In contrast, blockade of all GABA(A) receptor activity significantly modulated backpropagation along dendrites of Ad neurons. Backpropagation of AP bursts (Fig. 5B) was significantly enhanced in distal dendritic regions relative to control (250–450 μm from soma, P < 0.001, two-way ANOVA followed by Bonferroni post hoc tests). BAP(ss) showed the same trend [distance 50% amplitude BAP(burst): control 262 ± 65 μm (n = 10), gabazine (10 μM) 493 ± 81 μm (n = 6), P < 0.001; BAP(ss): control 229 ± 27 μm (n = 9), gabazine (10 μM) 292 ± 54 μm (n = 2), P = 0.35]. Intriguingly, propagation into the proximal dendritic regions was not affected by blocking GABAergic inhibition, indicating a distance-dependent increase in dendritic inhibition. The kinetics, both rise and decay, of BAP-induced calcium transients were not distance dependent in either age group [Fig. 5, C and D, regression analysis (ANOVA) decay PreAd P = 0.54, Ad P = 0.57; rise PreAd P = 0.76, Ad P = 0.088]. However, the decay of fluorescent signals was significantly slower in PreAd compared with Ad dendrites [Fig. 5E, PreAd 0.74 ± 0.15 s (n = 9), Ad 0.45 ± 0.05 s (n = 17), P = 0.029]. Furthermore, blockade of GABA(A) receptors resulted in a significantly slower decay of calcium transients in Ad dendrites, to a level not significantly different from transients in PreAd dendrites [Fig. 5E, Ad control 0.45 ± 0.05 s (n = 17), Ad gabazine 0.78 ± 0.18 s (n = 8), P = 0.028]. This modulation of calcium fluorescence decay kinetics by GABA(A) inhibition was not seen in younger dendrites [Fig. 5E, PreAd control 0.74 ± 0.15 s (n = 9), PreAd gabazine 0.69 ± 0.10 s (n = 9), P = 0.76]. Thus upregulation in GABAergic inhibition onto CA1 pyramidal neuron dendrites during late postnatal development significantly attenuated backpropagation in more distal but not proximal regions of Ad dendrites only.

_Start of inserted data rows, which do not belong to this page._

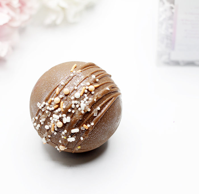 Une bombe en chocolat MAGIQUE de couleur pêche, au chocolat blanc, qui explose au contact de lait
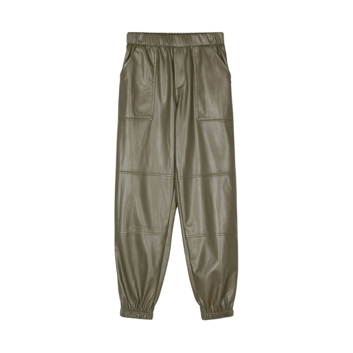 Girls Olive Green Faux Leather Trousers
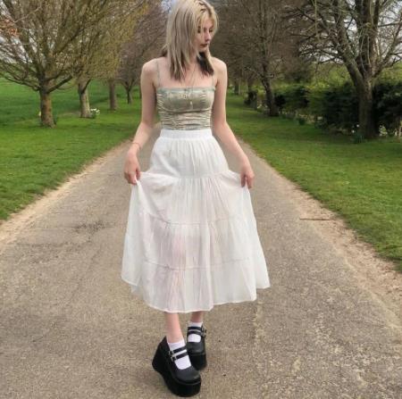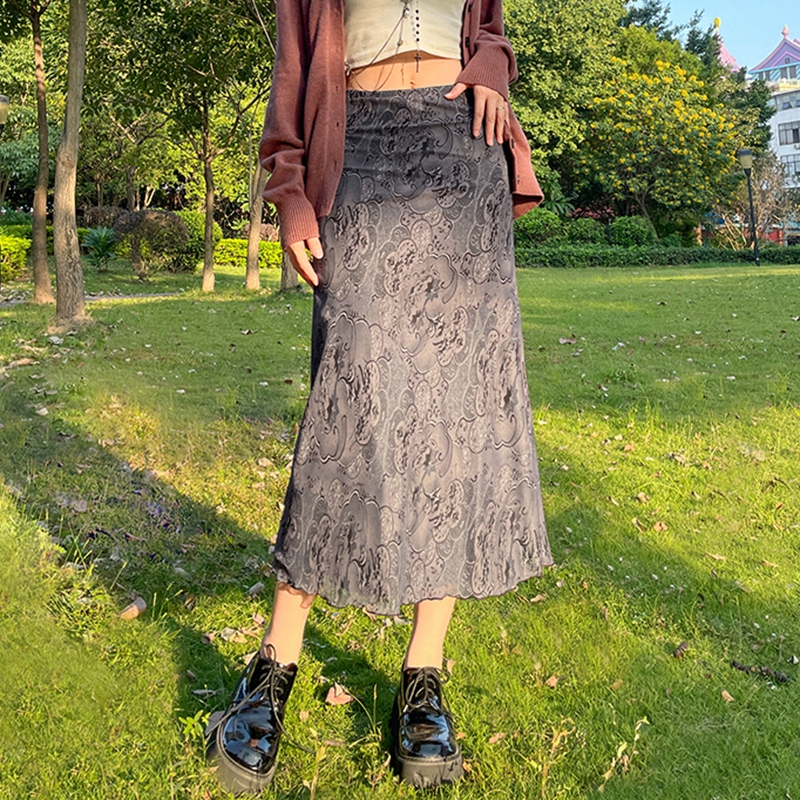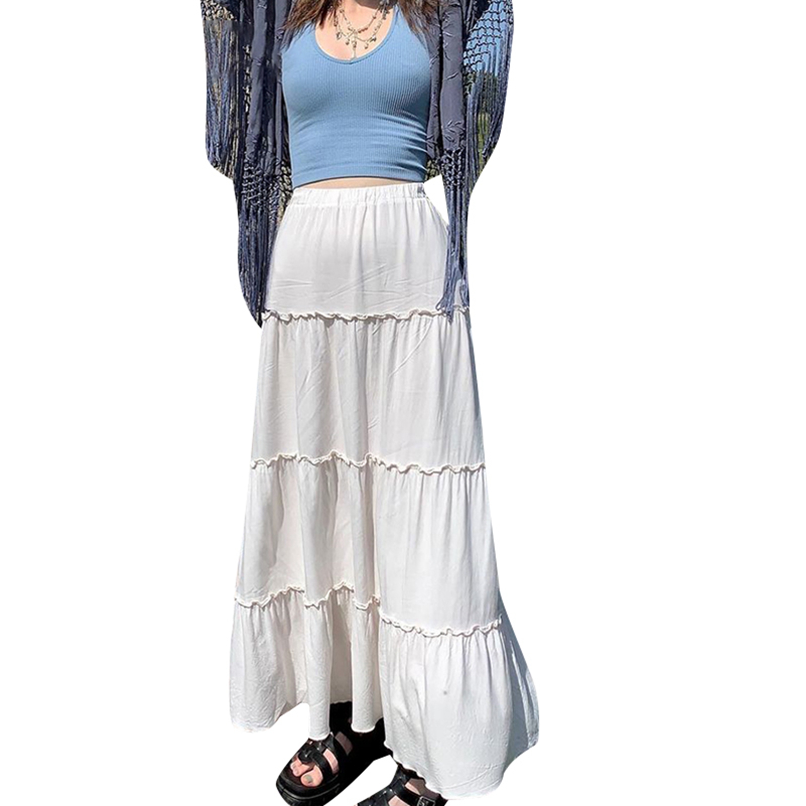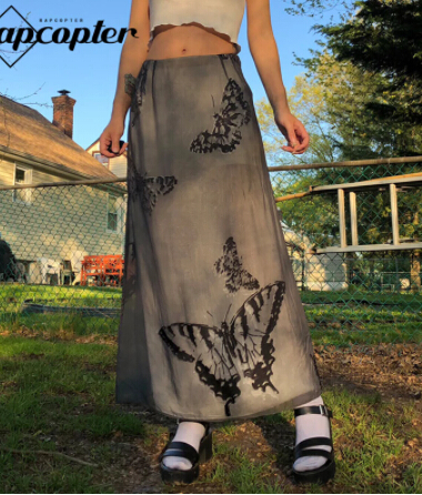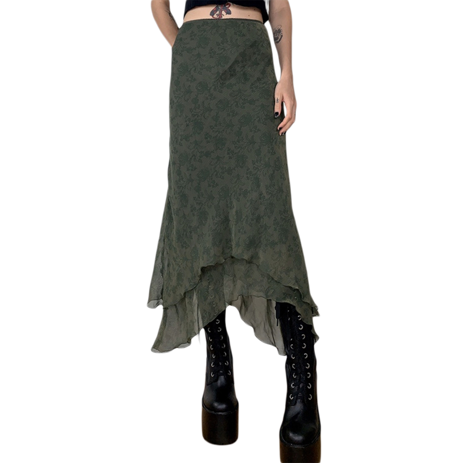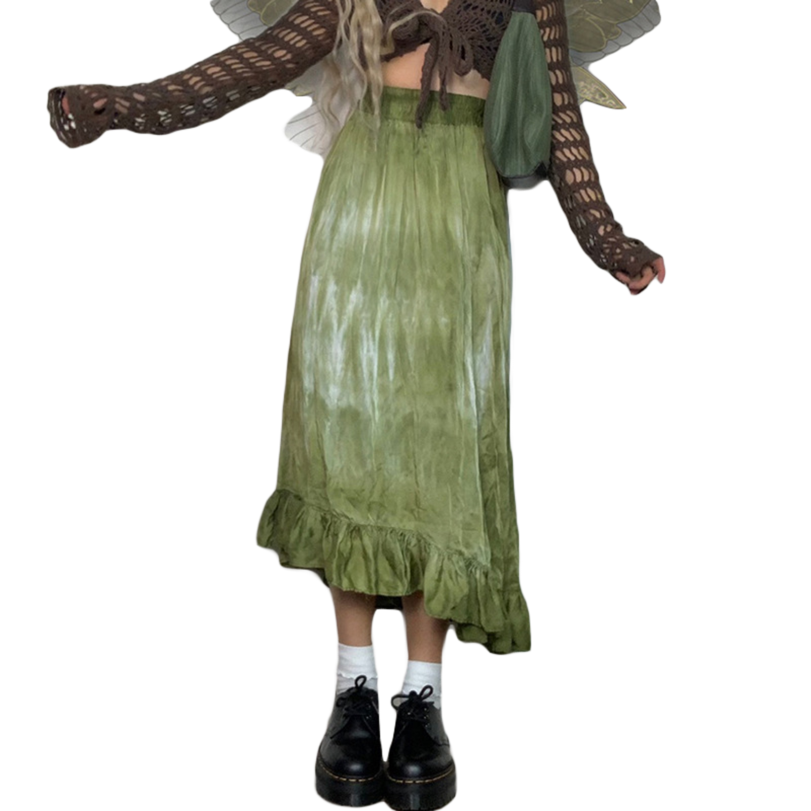 Fairy Grunge Kawaii Midi Skirt Aesthetic Retro Frills High Waist Straight Skirts Women Vintage Harajuku Streetwear
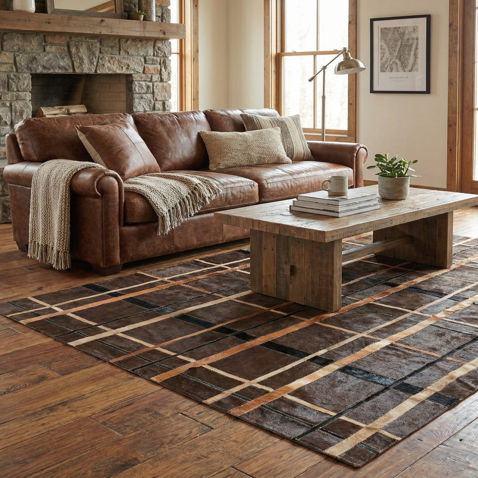 Primary color is Brown. Colors in this rug include: Brown, Beige, Black, Light Brown.
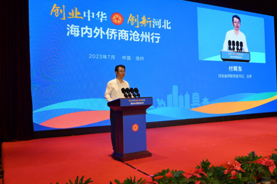 27日上午,付輝東出席招商推介會并講話。他指出,“創中華·創新河北”海內外僑商滄州行活動是中國僑聯、河北省僑聯支持滄州利用僑界資源,助力滄州對外開放、招商引資的重要平臺。希望僑商朋友們堅持以僑為本、互幫互助,爭做新時代優秀企業家精神的弘揚者;堅持圍繞中心、服務大局,爭做助推經濟社會發展的生力軍;堅持國際視野、擴大合作,爭做譜寫中國式現代化建設河北篇章的踐行者。僑聯作為黨和政府聯系廣大歸僑僑眷和海外僑胞的橋梁紐帶,將一如既往地為僑資企業發展做好服務,當好僑資企業的“貼心人”,為僑資企業在冀、在滄投資興業、發展壯大保駕護航。
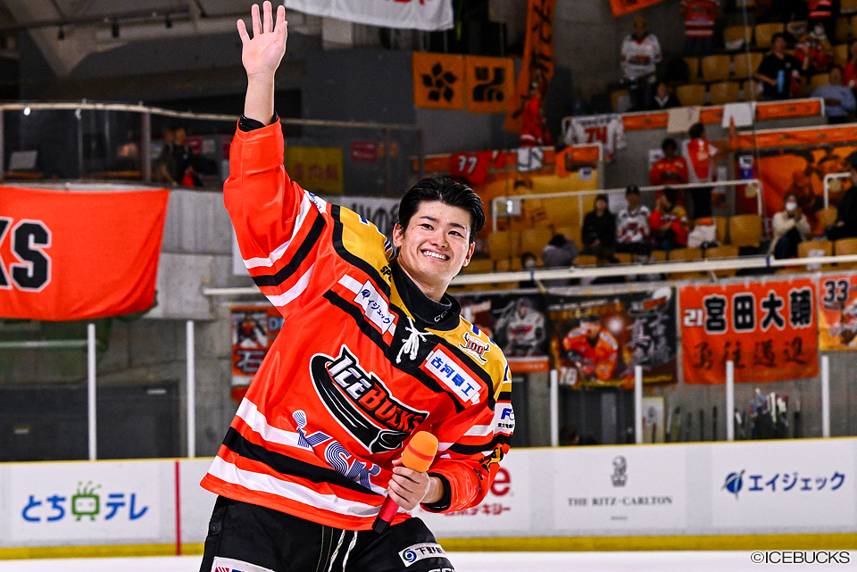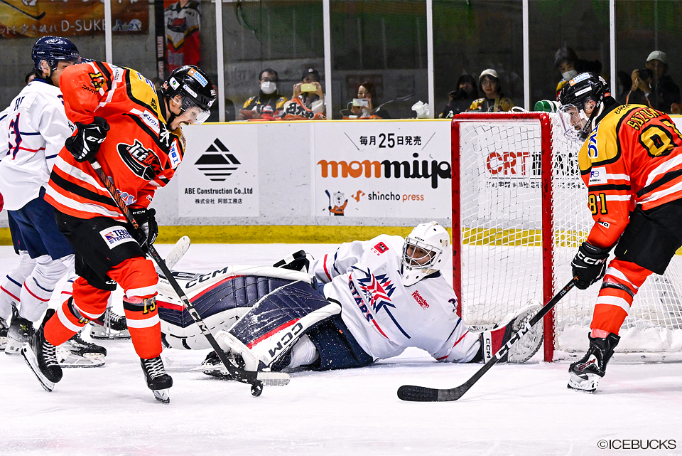 2025-2026シーズン10.5 SUN スターズ神戸2 H.C.栃木日光アイスバックス HOME 6 TOTAL 2 スターズ神戸 AWAY 1 1P 0 1 2P 1 4 3P 1 ①88. 寺尾(20.早田、29.伊藤) ②12.福田(48.清水、18.古橋) ③14.鈴木円(29.伊藤、21.宮田) ④11.大津(8.相馬、9.佐藤) ⑤81.鈴木健斗(48.清水、88.寺尾) ⑥14.鈴木円(17.ヤッコ、29.伊藤) 得点 ①48.渡邉(81.ユ、91.ワン) ②77.ホン ■藤澤悌史HCコメント試合の立ち上がりが良くなく、序盤10分ほどは神戸のペースで進行した。こちらが相手に主導権を渡してしまう展開であった。前日の試合では自分たちが主導権を握り、神戸に自由なプレーを許さなかったが、本日はその逆の展開となった。反応の遅れやバトルでの敗北、スケーティングの不足が見られ、パスの精度も悪く、全体的に後手に回る場面が多かった。第1ピリオド終盤からは徐々に自分たちのリズムを取り戻したものの、試合を通じて得点機を確実にものにすることができなかった。第3ピリオドでのカムバックやパワープレーからの連続得点は評価できるが、全体的には内容面で課題が残る試合であり、展開によっては敗戦していてもおかしくなかった。ゴールキーパー大塚の好セーブに救われた場面も多かった。 ■寺尾勇利選手コメントもし相手が別のチームであれば、今日は非常に危うい試合になっていたと思う。 自身のプレーについては、特別に「自己評価」という形では考えていないが、60分間を通して、自分のやるべきことを全うできたと感じている。 試合終了までしっかりと足を動かし、最後まで集中してプレーすることを意識した。 日頃から意識しているのは、「どのチームと対戦するか」ではなく、「自分がどのようなプレーヤーになりたいか」「どのような相手にとって嫌な存在でありたいか」という点である。その意味では、体をしっかりと当て、足を止めず、相手が嫌がるプレーを継続できた点は良かったと思う。 チーム全体としては、昨シーズンに比べ、やりたいホッケーがより実現できていると感じている。 個人のポイントや成績面で結果を残す選手はまだ少ないが、チームとしての方向性は一貫しており、その点は大きな成長だと思う。 ■福田充男選手コメント第1ピリオドは全体的に動きが重く、足がまったく動いていなかった。相手に圧倒される時間帯が多かったが、第3ピリオドで何とか立て直し、自分たちらしいホッケーを取り戻すことができたと思う。次戦は今季初のアウェイゲームになるので、相手に圧倒されることなく、自分たちのホッケーを貫けるように準備していきたい。アイスバックスは「足を動かすホッケー」が持ち味のチームだと思う。 スケーティングとロングスティックを活かしながら、自分たちの強みを発揮して勝利につなげたい。 ■鈴木円選手コメント試合の序盤は流れが悪く、良くない雰囲気になってしまいました。ただ、優勝を狙えるチームというのは、そうした状況でも勝ち切れるチームだと思います。第3ピリオドをしっかり締めて、勝ち切れたのは収穫でした。良いコンディションで試合に入れている時は、自分のプレーも通用しています。一方で、100%を出せない試合では何もできずに終わってしまうこともあるので、毎試合ベストパフォーマンスを出すことが今後の課題です。シュートだけでなく、味方がパックを持った時にゴールに向かう動きは、スキルよりも意識の問題だと思います。そうした基本的な部分を怠らず、今日はネットに向かう姿勢を持って臨めたと思います。 PHOTO GALLERY
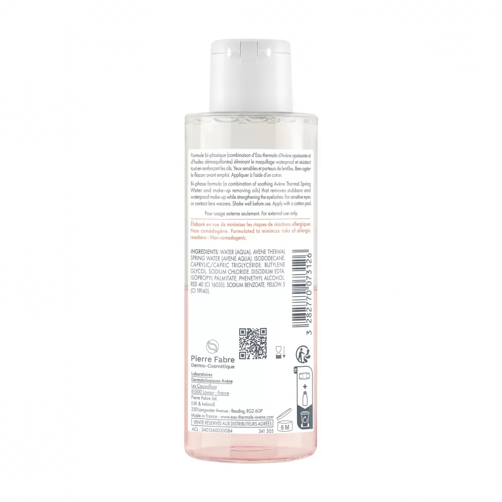 Nekomedogenní dvoufázové složení odličovače zajišťuje spolehlivé a důkladné odstranění veškerého make-upu z očního okolí, aniž by oči byly namáhány nebo došlo k jejich podráždění. O zklidnění citlivé a jemné pokožky se postará přírodní termální voda z Avéne. Ta je zde zkombinovaná se speciální směsí olejů, které slouží k odstranění odolného make-upu a posílení řas.
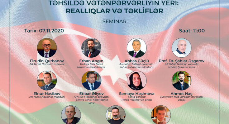 Noyabrın 7-də  Təhsil Nazirliyi yanında İctimai Şura və T-NETWORK platformasının birgə təşkilatçılığı ilə “Təhsildə vətənpərvərliyin yeri: reallıqlar və təkliflər” adlı onlayn seminar keçirilib.

GABAergic inhibition manifests itself in two ways: fast phasic (milliseconds) and slow tonic (seconds) inhibition, mediated by different receptor subunits and involved in different dendritic functions (Brickley and Mody 2012). In the hippocampus, tonic GABAergic currents are mediated by the δ and α5 GABA(A) receptor subunits (Caraiscos et al. 2004; Scimemi et al. 2005). In addition, we have shown that STDP induction rules are dependent on tonic GABAergic inhibition (Fig. 4). We therefore investigated which subunit was responsible for the GABAergic modulation of BAP in Ad neurons. Specific blockade of α5-mediated tonic GABA(A) currents with the antagonist L-655,708 (100 nM) had no effect on spontaneous phasic GABAergic inhibition (data not shown). However, it caused strong modulation of BAP-induced calcium transients in distal dendrites, similar to effects of gabazine at 10 μM [Fig. 6, A and B, distance 50% amplitude control 262 ± 65 μm (n = 10), L-655,708 417 ± 14 μm (n = 6), gabazine (10 μM) 493 ± 81 μm (n = 5), P < 0.001 compared with aCSF control conditions]. This modulation by α5-mediated GABA(A) receptors was seen for both BAP(ss) and BAP(burst) [distance 50% amplitude BAP(ss) control 229 ± 27 μm (n = 9), L-655,708 336 ± 21 μm (n = 4), P = 0.034, BAP(burst) control 262 ± 65 μm (n = 10), L-655,708 417 ± 14 μm (n = 6), P < 0.001].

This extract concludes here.